### TASK REQUIREMENTS
In the listing below, find the line that contains "子ども達全員が、心を一つにして、オールを漕いでいます。" and the line that contains "Termes de recherche". Quote both and every line between them, exactly, and nothing more.

### MATERIAL FOR THE TASK
- Opening Delimiter -

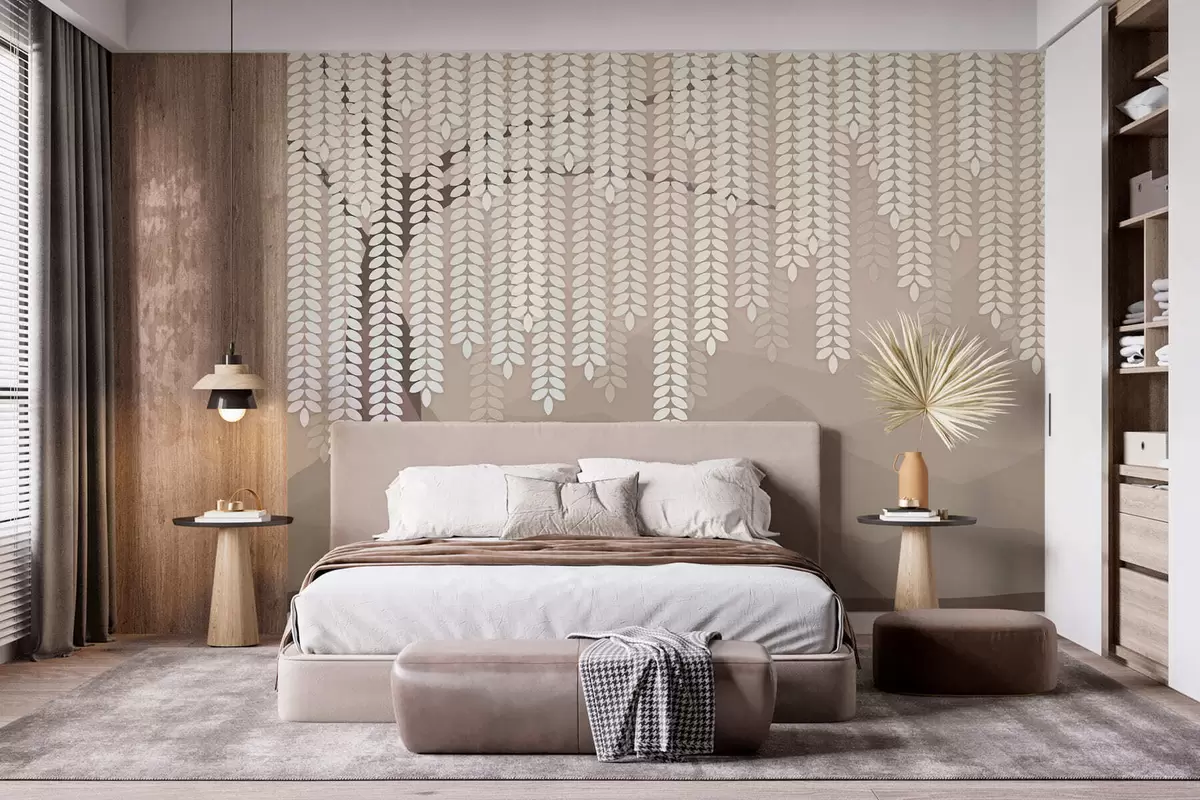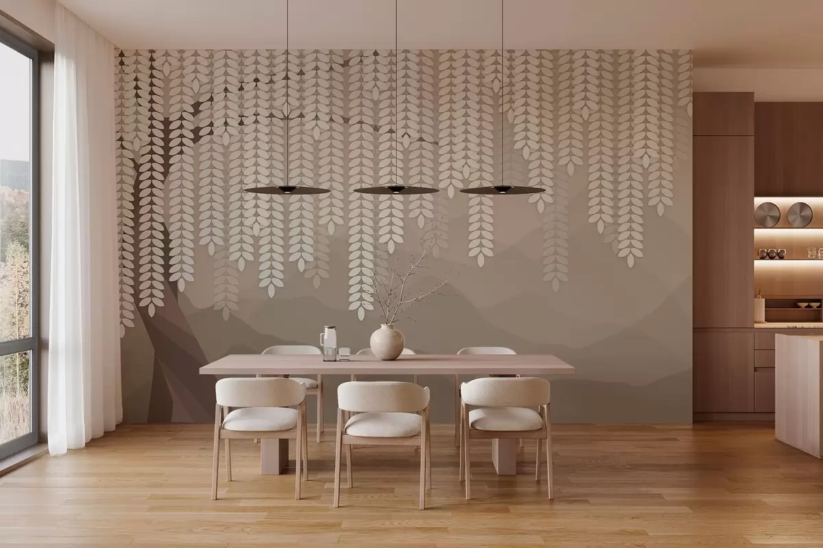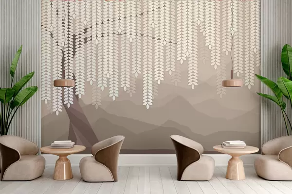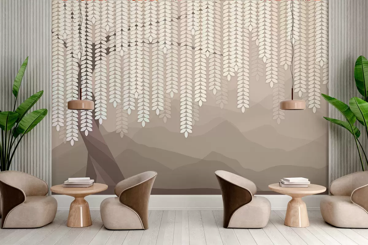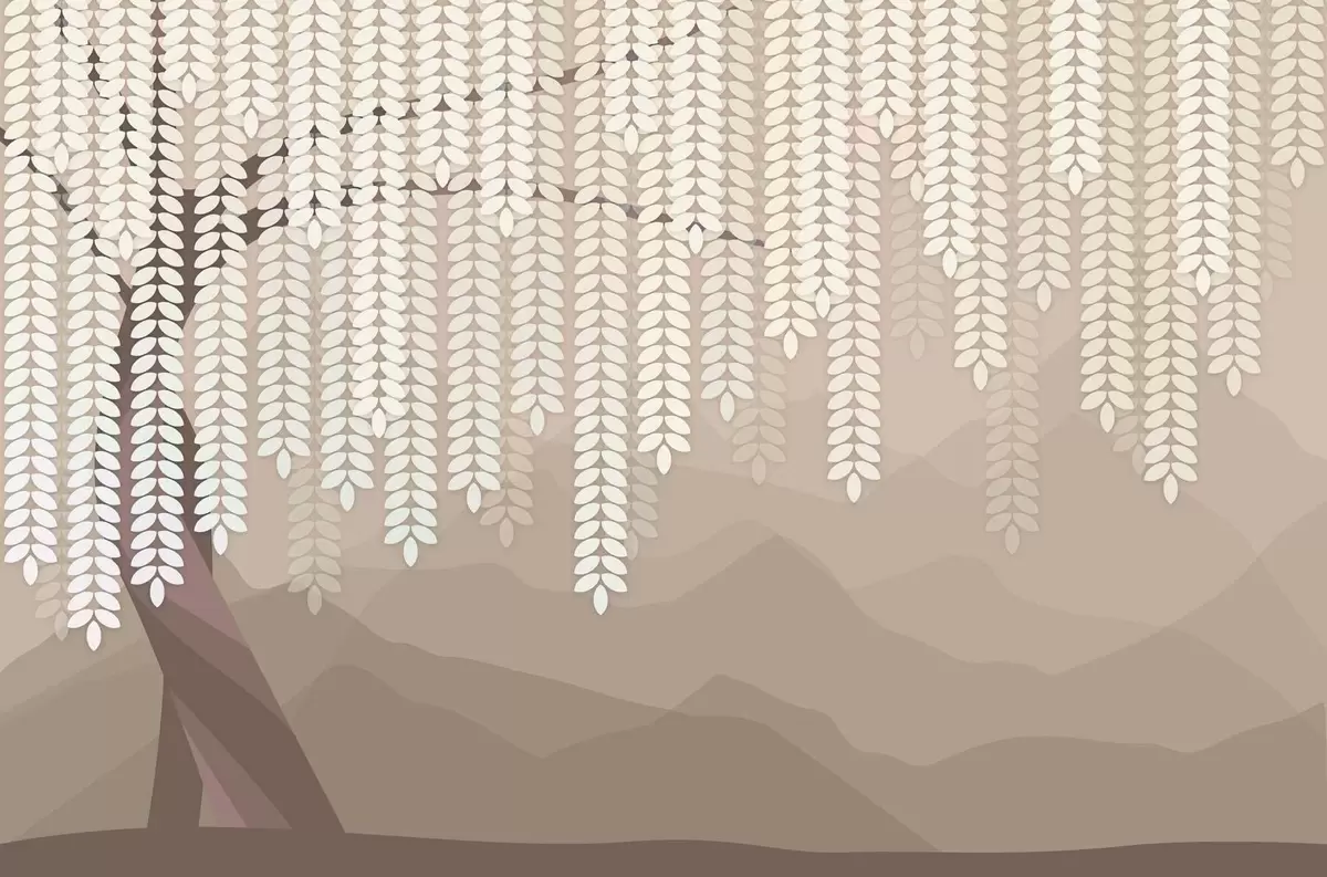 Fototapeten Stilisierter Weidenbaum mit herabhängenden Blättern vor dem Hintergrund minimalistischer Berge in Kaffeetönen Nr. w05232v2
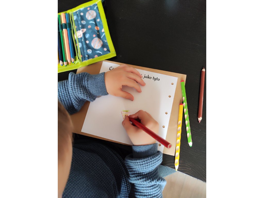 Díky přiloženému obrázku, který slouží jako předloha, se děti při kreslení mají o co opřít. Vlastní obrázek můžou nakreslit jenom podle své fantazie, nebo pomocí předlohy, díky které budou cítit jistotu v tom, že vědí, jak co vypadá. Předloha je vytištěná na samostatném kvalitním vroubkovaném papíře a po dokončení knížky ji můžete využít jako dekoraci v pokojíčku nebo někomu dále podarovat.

- Closing Delimiter -
- Opening Delimiter -

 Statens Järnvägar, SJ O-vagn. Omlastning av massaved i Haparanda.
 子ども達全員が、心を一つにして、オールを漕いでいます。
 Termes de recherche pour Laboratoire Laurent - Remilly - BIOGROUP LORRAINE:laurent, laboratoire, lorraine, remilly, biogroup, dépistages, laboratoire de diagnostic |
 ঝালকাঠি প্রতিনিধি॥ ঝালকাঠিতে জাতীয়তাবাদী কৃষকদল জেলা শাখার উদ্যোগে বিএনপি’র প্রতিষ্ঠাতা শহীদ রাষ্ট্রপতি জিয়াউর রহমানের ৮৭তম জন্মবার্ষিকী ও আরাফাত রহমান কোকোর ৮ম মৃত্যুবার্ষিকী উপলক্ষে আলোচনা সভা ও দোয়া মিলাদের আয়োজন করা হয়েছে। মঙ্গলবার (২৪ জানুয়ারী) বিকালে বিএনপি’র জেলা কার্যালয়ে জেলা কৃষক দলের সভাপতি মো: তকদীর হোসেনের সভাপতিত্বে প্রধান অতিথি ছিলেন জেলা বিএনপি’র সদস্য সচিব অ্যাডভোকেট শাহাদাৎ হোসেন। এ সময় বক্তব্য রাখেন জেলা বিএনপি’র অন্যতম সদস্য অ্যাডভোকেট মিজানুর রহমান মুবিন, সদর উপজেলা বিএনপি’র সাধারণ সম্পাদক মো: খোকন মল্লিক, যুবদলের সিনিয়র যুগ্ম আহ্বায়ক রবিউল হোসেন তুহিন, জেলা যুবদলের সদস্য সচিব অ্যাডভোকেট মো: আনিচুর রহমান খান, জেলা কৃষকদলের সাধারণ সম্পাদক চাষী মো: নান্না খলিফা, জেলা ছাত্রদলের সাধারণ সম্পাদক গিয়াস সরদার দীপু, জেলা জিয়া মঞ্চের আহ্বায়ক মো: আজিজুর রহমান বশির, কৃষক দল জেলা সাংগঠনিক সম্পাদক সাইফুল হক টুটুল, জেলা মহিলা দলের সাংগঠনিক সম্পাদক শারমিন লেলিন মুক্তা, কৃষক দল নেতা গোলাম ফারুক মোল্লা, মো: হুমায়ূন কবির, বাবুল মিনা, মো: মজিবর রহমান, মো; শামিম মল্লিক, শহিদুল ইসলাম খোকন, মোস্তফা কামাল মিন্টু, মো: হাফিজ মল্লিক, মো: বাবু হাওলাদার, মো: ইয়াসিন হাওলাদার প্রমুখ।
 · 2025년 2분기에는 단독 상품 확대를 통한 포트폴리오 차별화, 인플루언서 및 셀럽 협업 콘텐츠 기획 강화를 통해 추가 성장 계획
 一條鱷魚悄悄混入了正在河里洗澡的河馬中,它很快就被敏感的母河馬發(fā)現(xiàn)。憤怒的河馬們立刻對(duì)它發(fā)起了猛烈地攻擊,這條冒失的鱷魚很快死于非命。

- Closing Delimiter -
- Opening Delimiter -

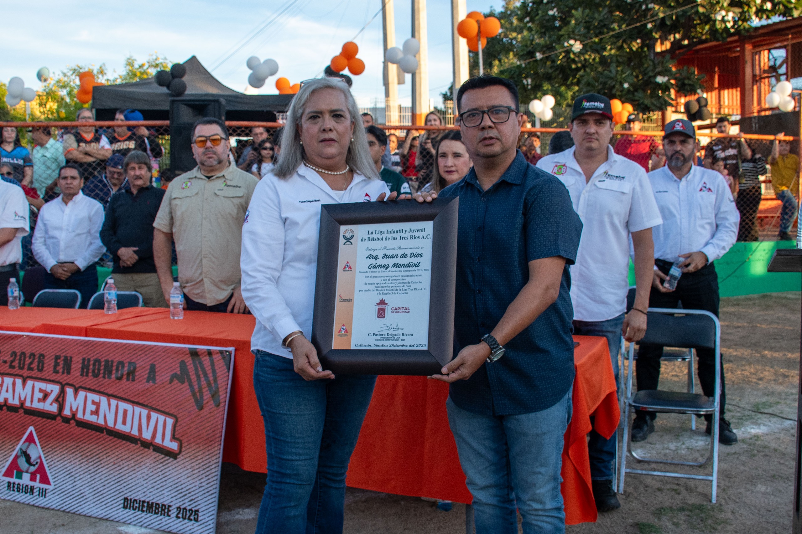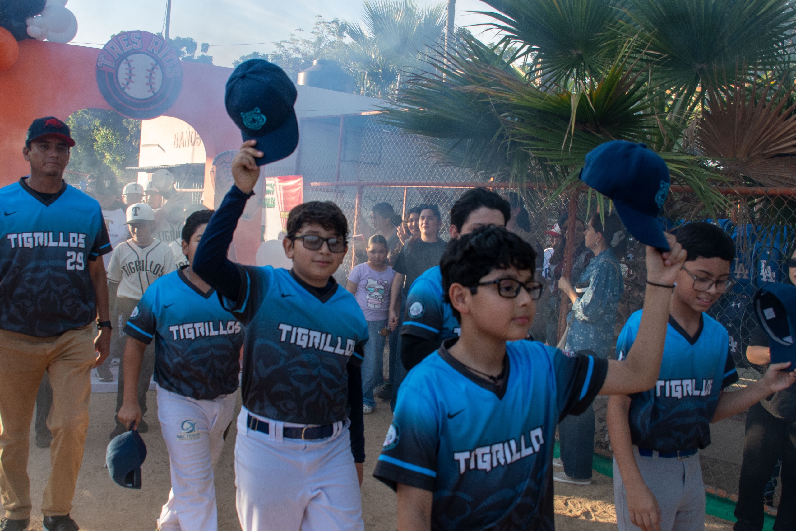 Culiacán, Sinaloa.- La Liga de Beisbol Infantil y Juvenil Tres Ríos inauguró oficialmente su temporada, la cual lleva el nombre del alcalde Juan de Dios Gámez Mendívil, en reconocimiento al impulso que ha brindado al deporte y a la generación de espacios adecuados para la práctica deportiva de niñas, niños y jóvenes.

- Closing Delimiter -

### COMPLETED TASK
 子ども達全員が、心を一つにして、オールを漕いでいます。
 Termes de recherche pour Laboratoire Laurent - Remilly - BIOGROUP LORRAINE:laurent, laboratoire, lorraine, remilly, biogroup, dépistages, laboratoire de diagnostic |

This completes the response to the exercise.